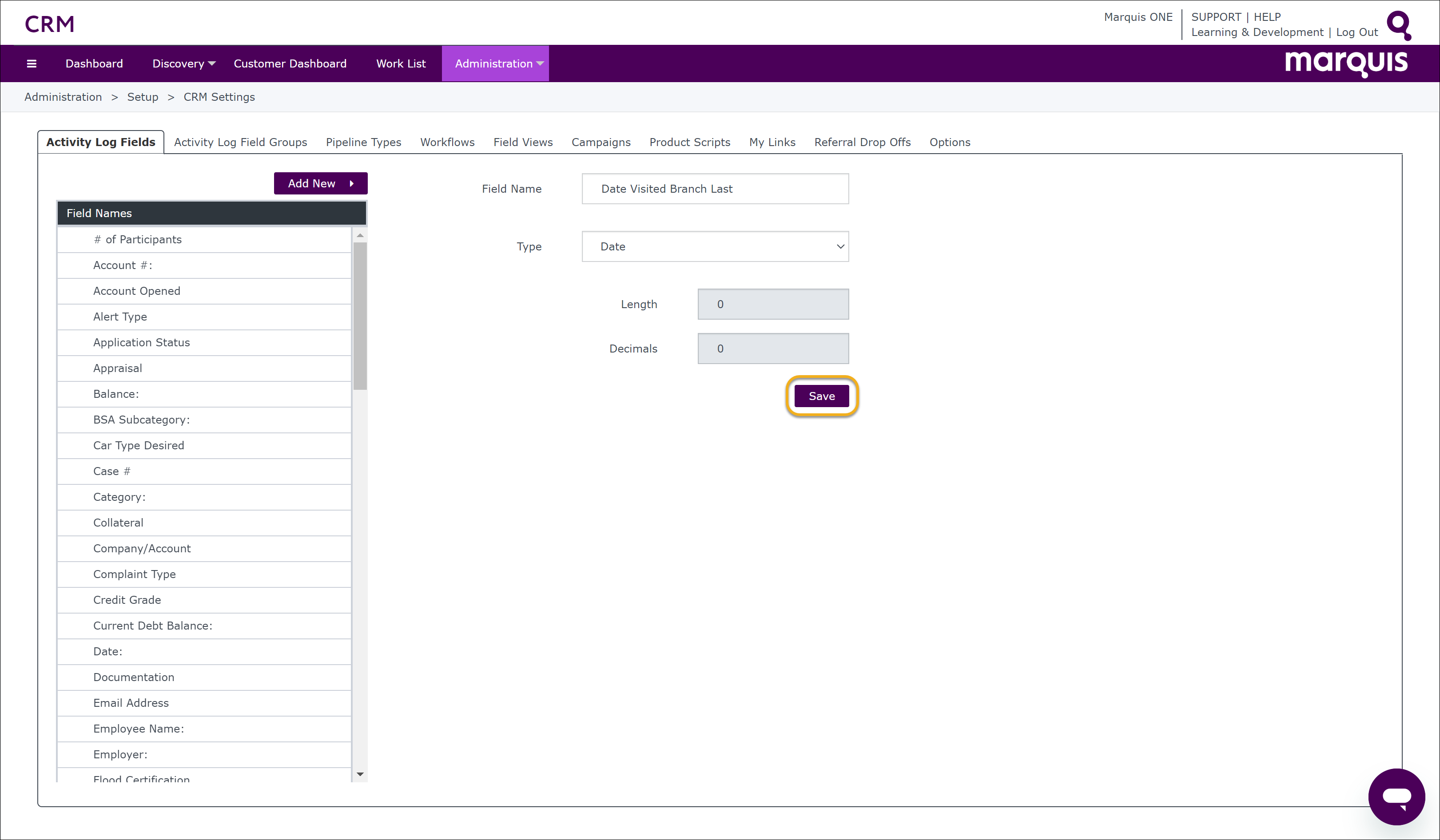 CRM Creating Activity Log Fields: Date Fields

...

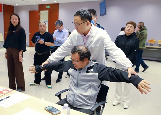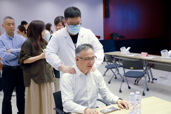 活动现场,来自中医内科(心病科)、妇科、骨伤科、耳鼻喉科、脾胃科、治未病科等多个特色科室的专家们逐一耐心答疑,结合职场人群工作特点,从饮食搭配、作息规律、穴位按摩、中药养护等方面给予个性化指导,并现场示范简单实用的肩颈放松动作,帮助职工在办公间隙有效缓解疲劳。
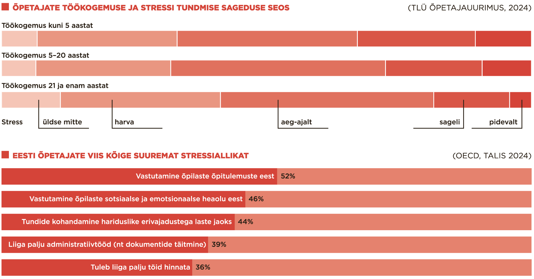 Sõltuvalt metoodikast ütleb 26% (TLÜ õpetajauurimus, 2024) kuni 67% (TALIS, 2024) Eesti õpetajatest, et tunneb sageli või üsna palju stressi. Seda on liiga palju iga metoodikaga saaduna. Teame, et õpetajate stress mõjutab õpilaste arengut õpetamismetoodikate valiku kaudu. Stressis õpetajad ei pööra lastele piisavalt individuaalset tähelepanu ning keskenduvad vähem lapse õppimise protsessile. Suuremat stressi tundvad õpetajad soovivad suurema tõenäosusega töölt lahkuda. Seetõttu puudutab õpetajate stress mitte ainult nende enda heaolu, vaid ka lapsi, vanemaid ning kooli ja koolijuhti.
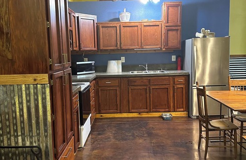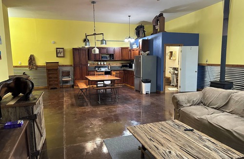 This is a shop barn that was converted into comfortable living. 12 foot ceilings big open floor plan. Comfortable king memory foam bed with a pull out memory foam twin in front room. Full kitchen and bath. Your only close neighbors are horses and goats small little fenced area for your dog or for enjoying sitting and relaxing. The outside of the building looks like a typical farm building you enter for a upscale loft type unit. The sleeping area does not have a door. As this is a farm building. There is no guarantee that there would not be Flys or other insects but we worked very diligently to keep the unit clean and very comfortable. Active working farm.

What to work on – Reproduce the records above exactly, but only from the line with "活动现场,来自中医内科(心病" up to and including the line with "This is a shop". Leave the pictures out.

Completed exercise –
 活动现场,来自中医内科(心病科)、妇科、骨伤科、耳鼻喉科、脾胃科、治未病科等多个特色科室的专家们逐一耐心答疑,结合职场人群工作特点,从饮食搭配、作息规律、穴位按摩、中药养护等方面给予个性化指导,并现场示范简单实用的肩颈放松动作,帮助职工在办公间隙有效缓解疲劳。
 Sõltuvalt metoodikast ütleb 26% (TLÜ õpetajauurimus, 2024) kuni 67% (TALIS, 2024) Eesti õpetajatest, et tunneb sageli või üsna palju stressi. Seda on liiga palju iga metoodikaga saaduna. Teame, et õpetajate stress mõjutab õpilaste arengut õpetamismetoodikate valiku kaudu. Stressis õpetajad ei pööra lastele piisavalt individuaalset tähelepanu ning keskenduvad vähem lapse õppimise protsessile. Suuremat stressi tundvad õpetajad soovivad suurema tõenäosusega töölt lahkuda. Seetõttu puudutab õpetajate stress mitte ainult nende enda heaolu, vaid ka lapsi, vanemaid ning kooli ja koolijuhti.
 This is a shop barn that was converted into comfortable living. 12 foot ceilings big open floor plan. Comfortable king memory foam bed with a pull out memory foam twin in front room. Full kitchen and bath. Your only close neighbors are horses and goats small little fenced area for your dog or for enjoying sitting and relaxing. The outside of the building looks like a typical farm building you enter for a upscale loft type unit. The sleeping area does not have a door. As this is a farm building. There is no guarantee that there would not be Flys or other insects but we worked very diligently to keep the unit clean and very comfortable. Active working farm.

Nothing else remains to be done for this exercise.